There is a broad class of crisis situations that can be abstractly characterized in a similar fashion: The goal of a team of people is to gain access to specific structures or objectives through a terrain that presents obstacles and is subject to continuously changing conditions. Examples include fire fighting operations, earthquake and flood response, rescues, tank battles, urban warfare, and hostage situations. Various route-planning and travel-planning tasks can be viewed in this way as well. The members of the team interact in part through language and in part through a model of the terrain, either a map or some richer representation. They use the terrain model to identify structures, terrain features, routes of access, and obstacles along these routes, and they must update the model as conditions change.
The terrain model is essentially a dynamic database of geographical information. It is potentially very rich in information, containing many levels of detail and best viewed with a specific focus or perspective. Thus, for complex tasks it is essential to have a computer-based presentation of the terrain model.
The most convenient means for interacting with such a computerized terrain model would be natural language and gesture. (By ``gesture'' we mean the use of pointing or the drawing of simple figures on a display.) This raises the problem of reference, broadly construed as the recognition of the mapping from the way meanings are expressed to the entities in the model that they indicate. This includes the problem of resolving referential expressions in context, on the basis of their form and content. But another aspect of the problem of reference arises from the fact that the conceptualizations of space that underlie natural language and gesture, on the one hand, and current terrain models, on the other, are radically different. There is a significant gap that must be bridged. The essentially topological conceptualization of space that underlies natural language must be mapped into the more geometric representations of the terrain model.
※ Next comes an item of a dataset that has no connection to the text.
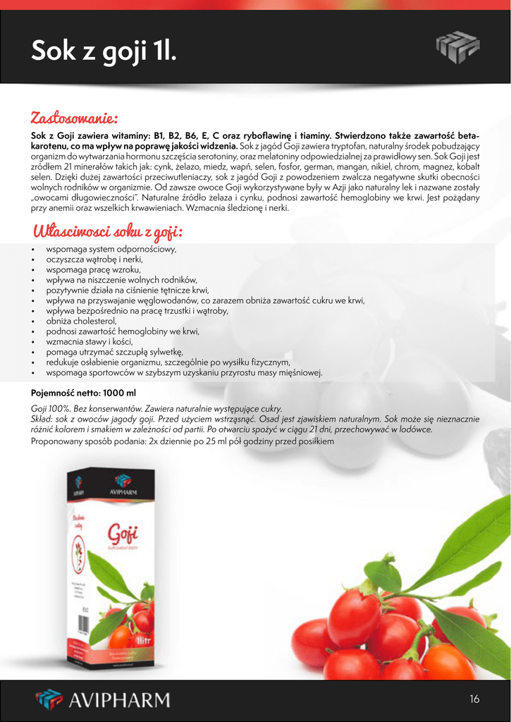 Sok z goji 1l. Zastosowanie: Sok z Goji zawiera witaminy: B1, B2, B6, E, C oraz ryboflawinę i tiaminy. Stwierdzono także zawartość betakarotenu, co ma wpływ na poprawę jakości widzenia. Sok z jagód Goji zawiera tryptofan, naturalny środek pobudzający organizm do wytwarzania hormonu szczęścia serotoniny, oraz melatoniny odpowiedzialnej za prawidłowy sen. Sok Goji jest zródłem 21 minerałów takich jak: cynk, żelazo, miedz, wapń, selen, fosfor, german, mangan, nikiel, chrom, magnez, kobalt selen. Dzięki dużej zawartości przeciwutleniaczy, sok z jagód Goji z powodzeniem zwalcza negatywne skutki obecności wolnych rodników w organizmie. Od zawsze owoce Goji wykorzystywane były w Azji jako naturalny lek i nazwane zostały „owocami długowieczności”. Naturalne źródło żelaza i cynku, podnosi zawartość hemoglobiny we krwi. Jest pożądany przy anemii oraz wszelkich krwawieniach. Wzmacnia śledzionę i nerki. Własciwosci soku z goji: • • • • • • • • • • • • • wspomaga system odpornościowy, oczyszcza wątrobę i nerki, wspomaga pracę wzroku, wpływa na niszczenie wolnych rodników, pozytywnie działa na ciśnienie tętnicze krwi, wpływa na przyswajanie węglowodanów, co zarazem obniża zawartość cukru we krwi, wpływa bezpośrednio na pracę trzustki i wątroby, obniża cholesterol, podnosi zawartość hemoglobiny we krwi, wzmacnia stawy i kości, pomaga utrzymać szczupłą sylwetkę, redukuje osłabienie organizmu, szczególnie po wysiłku fizycznym, wspomaga sportowców w szybszym uzyskaniu przyrostu masy mięśniowej. Pojemność netto: 1000 ml Goji 100%. Bez konserwantów. Zawiera naturalnie występujące cukry. Skład: sok z owoców jagody goji. Przed użyciem wstrząsnąć. Osad jest zjawiskiem naturalnym. Sok może się nieznacznie różnić kolorem i smakiem w zależności od partii. Po otwarciu spożyć w ciągu 21 dni, przechowywać w lodówce. Proponowany sposób podania: 2x dziennie po 25 ml pół godziny przed posiłkiem 16
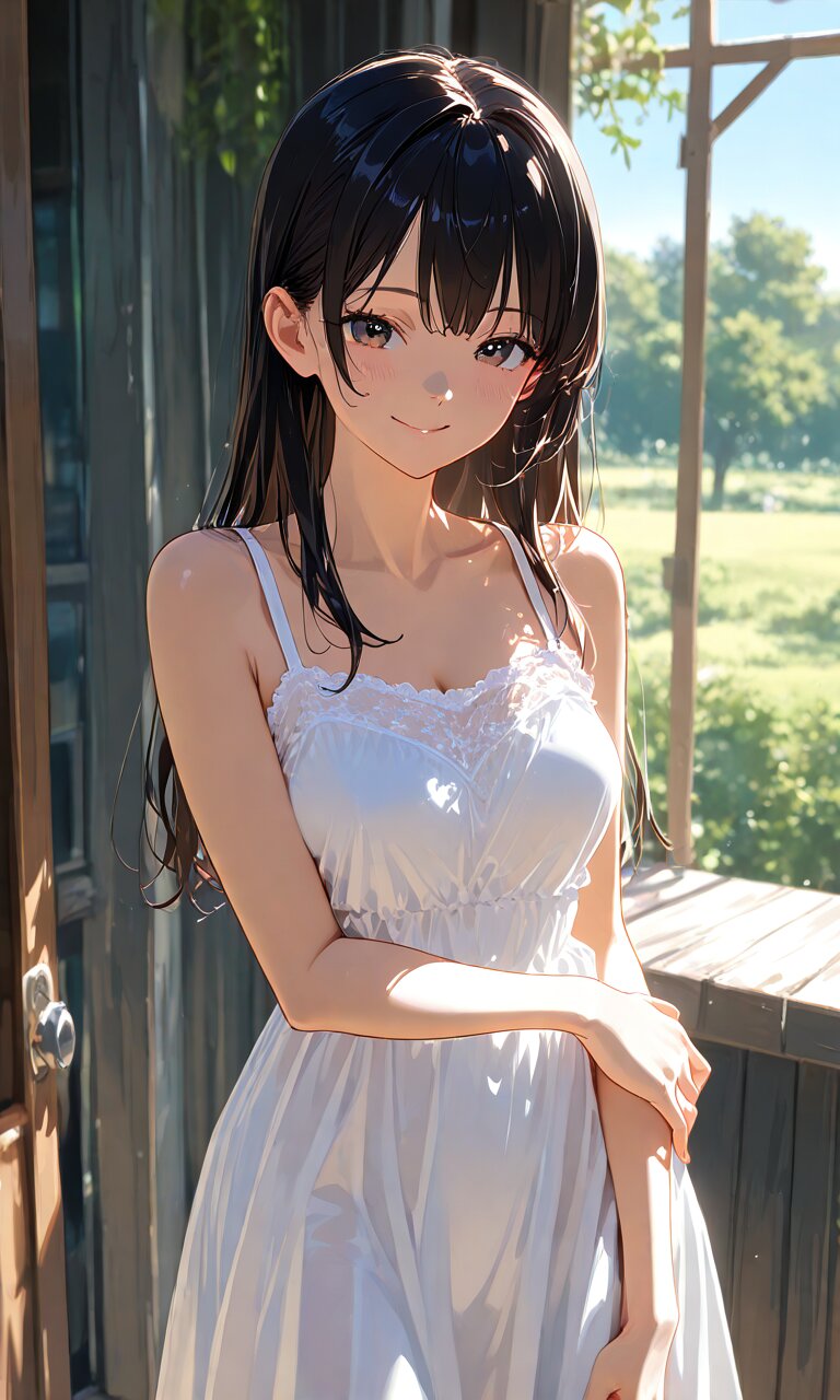 1 lady, long hair, black hair, (white sundress), smile gently, blush, cowboy shot,

We propose to investigate the properties of interactions with the terrain model and between team members as they would occur in such a crisis situation. Our focus will be on elucidating the mapping from natural language and gesture to the terrain model. Specifically, we will investigate
Our first task has been to design ``Wizard of Oz'' experiments to elicit the coordinated use of language and gesture in interacting with a terrain model. Because of the software that is already available at SRI, our first experiment, to be carried out in the summer of 1997, will involve travel planning with a computer-based map and other information about a city to be toured. We have run pilot sessions on this set-up, and turned up a wide variety of styles of interacting with such a system, from users who try to keep their inputs simple for the computer with tightly coordinated speech and gesture, to users who ramble on and on with little use of gesture. One of the problems we face in this task is how to encourage the use of gesture without biasing users to a particular small set of gestures.
The second scenario we have been exploring would involve expert or trainee fire-fighters directing resources to objectives while using a terrain model rich in topographic and other information. The design of this experiment is in a much more preliminary stage.
In addition to the experimental work, we are looking at fundamental aspects about how spatial information is represented in language. Specifically, we are developing an axiomatic theory of scales, or scalar notions, which underlie our conceptualizations of space and other phenomena. This work will be reported on at the AAAI Workshop on Language and Space, in Providence, RI, July 27 and 28.
The problems of multimodal reference and how discourse structure influences it, and of nature of the mapping from the linguistic and conceptual representations of language and gesture and the more geometric representation of terrain models are problems of significant scientific interest and practical utility, and they are the focus of this project.